Observation of multiple protein temperature transitions dependent upon the chemical environment

Biological macromolecules initiate their biochemical activity near their glass transition temperature, which is likely controlled via their interaction with water molecules. Aligned with this theory, it has been shown experimentally that the presence of bioprotective compounds, such as sucrose and trehalose, can increase the transition temperature of a protein. Since the molecular mechanism for this observation is not well understood, we report here the use of molecular dynamics (MD) simulations to study the transition temperatures of lysozyme in three different chemical environments: solely water, a sucrose/water mixture, and a trehalose/water mixture. Simulating over a temperature range from 20 K to 370 K in 10 K increments, we introduce a new approach combining the measurement of protein hydrogen atom mean square displacement (MSD) with principal component analysis (PCA) to predict multiple temperature-dependent transitions.

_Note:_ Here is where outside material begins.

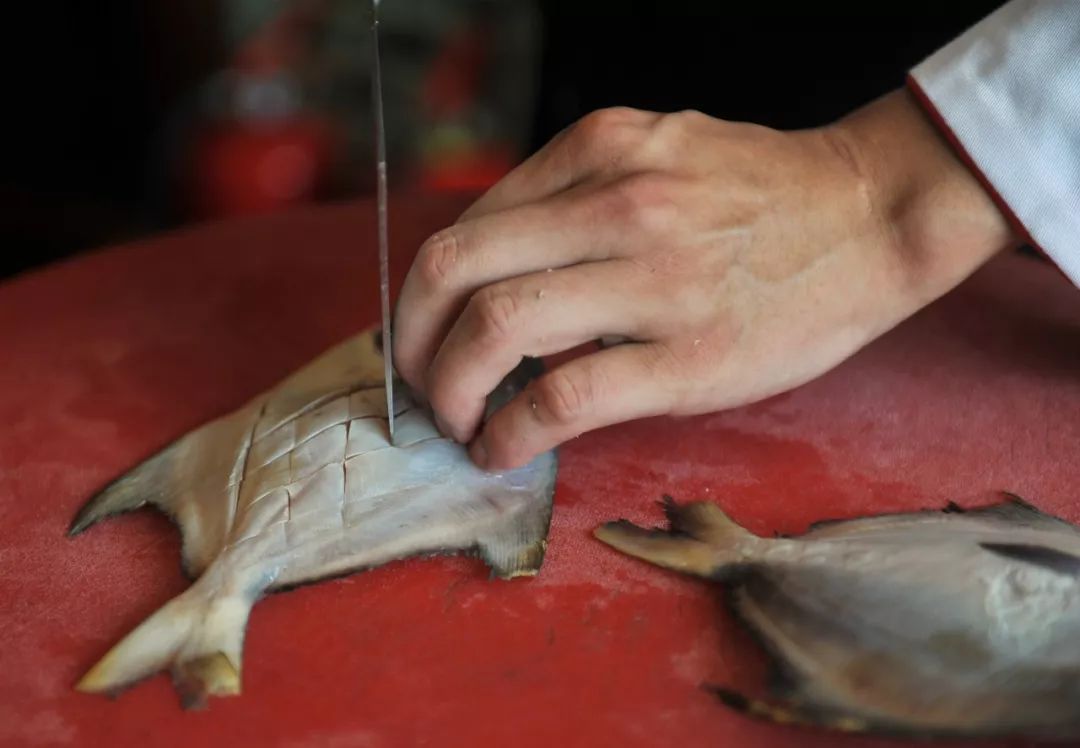 鲳鱼干煎的也好吃,要选扁平宽厚的鲜鲳,竖切大片,略略腌渍风干,不是旺火油炸而是用小火慢慢煎透,干香咸鲜,配一个玉米贴饼子,实在是妙。

This reproduces trends in equivalent experimental data better than when using a single transition approach, indicating that water coupled transitions are induced at multiple temperatures rather than a single temperature. The findings of this study may be useful for selecting additives to maintain stability of biomolecules in the biotechnological, pharmaceutical, and food sectors.

Automated summary

Biological macromolecules exhibit biochemical activity near their glass transition temperature, which is likely influenced by their interaction with water molecules. Experimental evidence has shown that the presence of bioprotective compounds, such as sucrose and trehalose, can raise the transition temperature of a protein. In this study, molecular dynamics simulations were used to investigate the transition temperatures of lysozyme in different chemical environments, including water, a sucrose/water mixture, and a trehalose/water mixture. Through this approach, multiple temperature-dependent transitions were identified, suggesting that water-induced transitions occur at various temperatures rather than a single temperature. These findings have implications for selecting stabilizing additives in industries like biotechnology, pharmaceuticals, and food production.